In my experience, NTs like to play a game called "lets pick on the aspie!" I for one am kind of a naive and gullible aspie (albeit lesser so now than previously). I'm sure you all know that aspies are easy targets for those who want to enjoy some cheap laughs at the expense of someone who is so desperate for friendship they would forgive them anyway. Nasty NTs do like to exploit us for their personal gain because we tend to be easy to exploit.

Some NTs also love watching us react to certain things because it's always funny/interesting as it is unusual.

But yeah, aspies and NTs alike can be as*holes, but I feel that since NTs have more of a drive to fit in, they are more likely to stomp on you to get there and feel belonging with their group. Moreover, the difficulty aspies have at deceit, coupled with our loyalty and our compassion (aspies can empathize with things they've been through like bullying, so they are more likely to be wary and compassionate of it), makes us generally better people. I also feel that some if the "purest hearted" people have been aspies, for obvious reasons.

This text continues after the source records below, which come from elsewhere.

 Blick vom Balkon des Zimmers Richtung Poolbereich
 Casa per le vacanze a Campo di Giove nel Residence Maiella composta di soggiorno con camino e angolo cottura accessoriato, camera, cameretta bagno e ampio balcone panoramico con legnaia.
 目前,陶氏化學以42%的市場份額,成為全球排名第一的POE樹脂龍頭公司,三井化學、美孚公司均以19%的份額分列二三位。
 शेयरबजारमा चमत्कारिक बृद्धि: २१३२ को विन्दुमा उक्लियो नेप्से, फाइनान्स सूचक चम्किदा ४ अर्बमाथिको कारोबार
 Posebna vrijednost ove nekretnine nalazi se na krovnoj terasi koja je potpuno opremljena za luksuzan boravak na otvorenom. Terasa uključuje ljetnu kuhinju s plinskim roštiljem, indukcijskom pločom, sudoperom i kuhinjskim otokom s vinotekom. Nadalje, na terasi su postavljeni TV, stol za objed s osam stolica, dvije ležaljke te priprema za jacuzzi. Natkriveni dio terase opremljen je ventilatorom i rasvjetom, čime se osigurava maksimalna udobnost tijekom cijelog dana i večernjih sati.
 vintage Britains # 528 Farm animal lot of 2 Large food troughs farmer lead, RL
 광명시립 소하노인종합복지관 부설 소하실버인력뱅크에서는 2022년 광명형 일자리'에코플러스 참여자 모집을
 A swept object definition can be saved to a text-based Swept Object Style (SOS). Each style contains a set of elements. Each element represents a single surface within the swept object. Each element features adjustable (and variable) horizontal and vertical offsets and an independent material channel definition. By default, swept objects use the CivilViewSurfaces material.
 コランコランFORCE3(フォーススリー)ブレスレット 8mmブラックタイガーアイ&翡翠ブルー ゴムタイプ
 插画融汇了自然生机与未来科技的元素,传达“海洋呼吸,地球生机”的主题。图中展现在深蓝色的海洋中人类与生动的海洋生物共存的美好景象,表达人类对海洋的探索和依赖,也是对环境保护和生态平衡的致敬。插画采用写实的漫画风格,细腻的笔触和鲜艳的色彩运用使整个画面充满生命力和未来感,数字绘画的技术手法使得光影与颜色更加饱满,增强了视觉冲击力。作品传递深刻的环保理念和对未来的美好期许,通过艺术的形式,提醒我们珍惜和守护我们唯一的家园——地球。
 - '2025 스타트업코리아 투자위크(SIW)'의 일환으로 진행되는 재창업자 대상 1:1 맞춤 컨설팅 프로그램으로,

On the flip side, when I was an immature, undiagnosed middle schooler who had no idea why she was being ostracized, I did stomp on people in an attempt to get an in with them. I didn't care who I was hurting- I was callous and mean. I was so desperate for acceptance that I would have done anything the popular kids said. Needless to say they exploited me to do their dirty work and then quickly dumped me altogether. Of course in middle school nonverbal cues are the most important thing because kids are just starting to discover them, so I was the oblivious oddball. It was painful and sometimes I took out my anger on others. I was an ass.

I really wish I was normal. Often when I go out with A group of NTs and immediately feel like the space alien, I would do anything to fit in, to feel connected to then. The problem is that I do yearn for that feeling of connection, and as one of the few extroverted aspies I love to socialize so my life is just a constant frustration when I can't.

Instead of connecting I become the outcasts, and some immature, insecure, or malevolent NTs have a tendency to exploit the outsider to feel closer to the insiders. I actually understand that feeling but hate it because the outsider is always me. In middle school I yearned so much to feel belonging that I went against my morals often, but at the end of the day, I always lost out.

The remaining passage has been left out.